═══ Input data

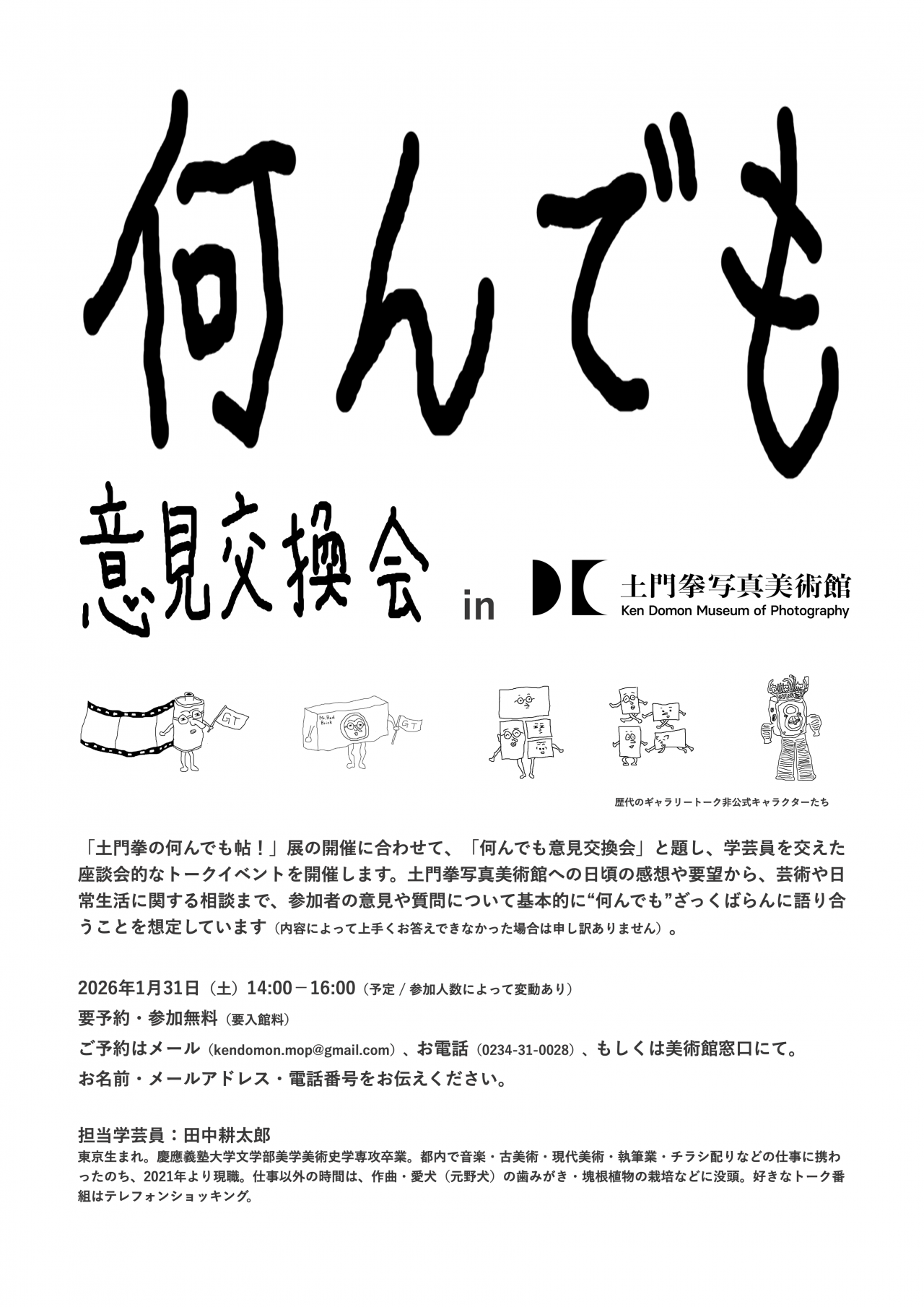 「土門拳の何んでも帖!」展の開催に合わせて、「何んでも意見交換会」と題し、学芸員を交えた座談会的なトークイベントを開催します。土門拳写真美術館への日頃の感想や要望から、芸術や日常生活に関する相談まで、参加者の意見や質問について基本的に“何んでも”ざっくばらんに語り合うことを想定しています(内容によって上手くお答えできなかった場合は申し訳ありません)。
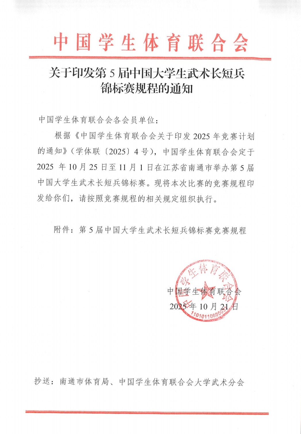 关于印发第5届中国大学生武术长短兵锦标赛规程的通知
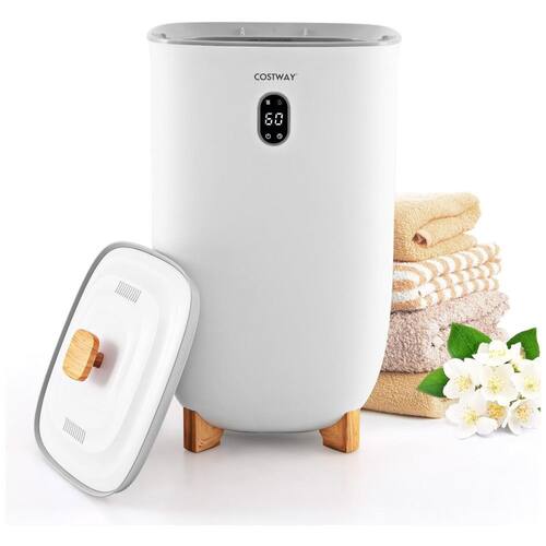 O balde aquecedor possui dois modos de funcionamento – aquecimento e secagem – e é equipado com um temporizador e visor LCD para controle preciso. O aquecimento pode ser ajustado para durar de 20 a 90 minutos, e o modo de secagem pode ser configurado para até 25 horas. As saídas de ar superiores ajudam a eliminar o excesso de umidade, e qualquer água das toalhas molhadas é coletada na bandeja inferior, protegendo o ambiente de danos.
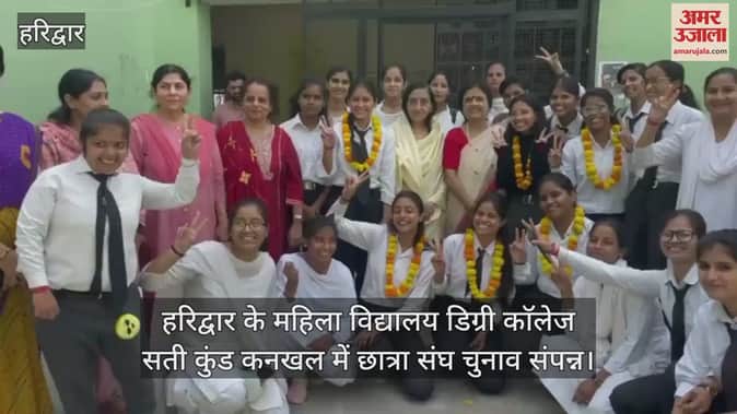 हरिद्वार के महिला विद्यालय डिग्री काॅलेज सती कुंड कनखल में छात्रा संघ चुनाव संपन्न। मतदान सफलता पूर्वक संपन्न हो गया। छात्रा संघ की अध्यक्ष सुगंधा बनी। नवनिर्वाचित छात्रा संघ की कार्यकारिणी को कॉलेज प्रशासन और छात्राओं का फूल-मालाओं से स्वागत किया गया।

══════

**Work item:** Reproduce the listing word for word, but keep the pictures out of it.

**Response:**
 「土門拳の何んでも帖!」展の開催に合わせて、「何んでも意見交換会」と題し、学芸員を交えた座談会的なトークイベントを開催します。土門拳写真美術館への日頃の感想や要望から、芸術や日常生活に関する相談まで、参加者の意見や質問について基本的に“何んでも”ざっくばらんに語り合うことを想定しています(内容によって上手くお答えできなかった場合は申し訳ありません)。
 关于印发第5届中国大学生武术长短兵锦标赛规程的通知
 O balde aquecedor possui dois modos de funcionamento – aquecimento e secagem – e é equipado com um temporizador e visor LCD para controle preciso. O aquecimento pode ser ajustado para durar de 20 a 90 minutos, e o modo de secagem pode ser configurado para até 25 horas. As saídas de ar superiores ajudam a eliminar o excesso de umidade, e qualquer água das toalhas molhadas é coletada na bandeja inferior, protegendo o ambiente de danos.
 हरिद्वार के महिला विद्यालय डिग्री काॅलेज सती कुंड कनखल में छात्रा संघ चुनाव संपन्न। मतदान सफलता पूर्वक संपन्न हो गया। छात्रा संघ की अध्यक्ष सुगंधा बनी। नवनिर्वाचित छात्रा संघ की कार्यकारिणी को कॉलेज प्रशासन और छात्राओं का फूल-मालाओं से स्वागत किया गया।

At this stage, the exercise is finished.